Des personnes handicapées coachées par le champion de handball Sébastien Bosquet

Apprendre à tirer au but avec un tel coach, ce n’est pas donné à tout le monde. PHOTO Séverine COURBE
Apprendre à tirer au but avec un tel coach, ce n’est pas donné à tout le monde.

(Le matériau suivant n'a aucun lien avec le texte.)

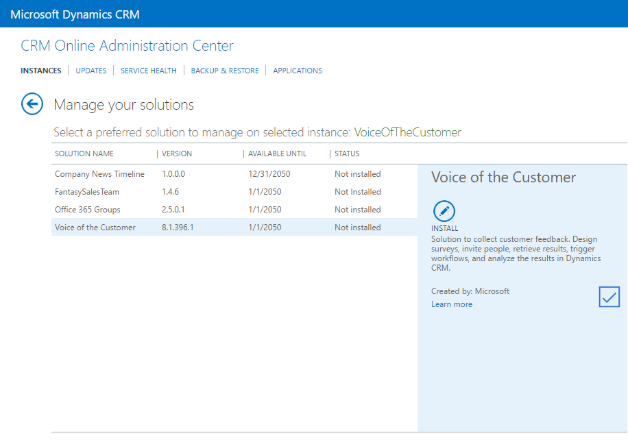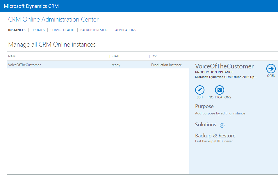 O passo seguinte será ativar a solução no Dynamics CRM. Abra sua instância digitando a URL da mesma, ou retornando à página inicial da Administração do CRM Online (botão com uma seta à esquerda ou clicando na palavra INSTANCES no menu superior) e em seguida pressionando o botão com seta à direita (OPEN) que fica à direita da tela.
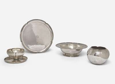 Comprising a flower bowl, a sauce bowl with attached liner (with ebony spacer between bowl and liner), a circular tray and a large footed circular bowl

PHOTO Séverine COURBE

Le dernier Euro de football avait déjà été prétexte à diverses animations, le championnat du Monde handball qui se déroule actuellement en France ne pouvait que constituer un support de choix à l’élaboration de projets pour la soixantaine de résidents de la Marelle à Liévin.

 

Bosquet Lievin(1) (3)

Des handicapés moteur et mentaux qui ont préparé depuis près d’un mois la venue de Sébastien Bosquet, handballeur international qui a effectué l’essentiel de sa carrière à Dunkerque, sa ville natale.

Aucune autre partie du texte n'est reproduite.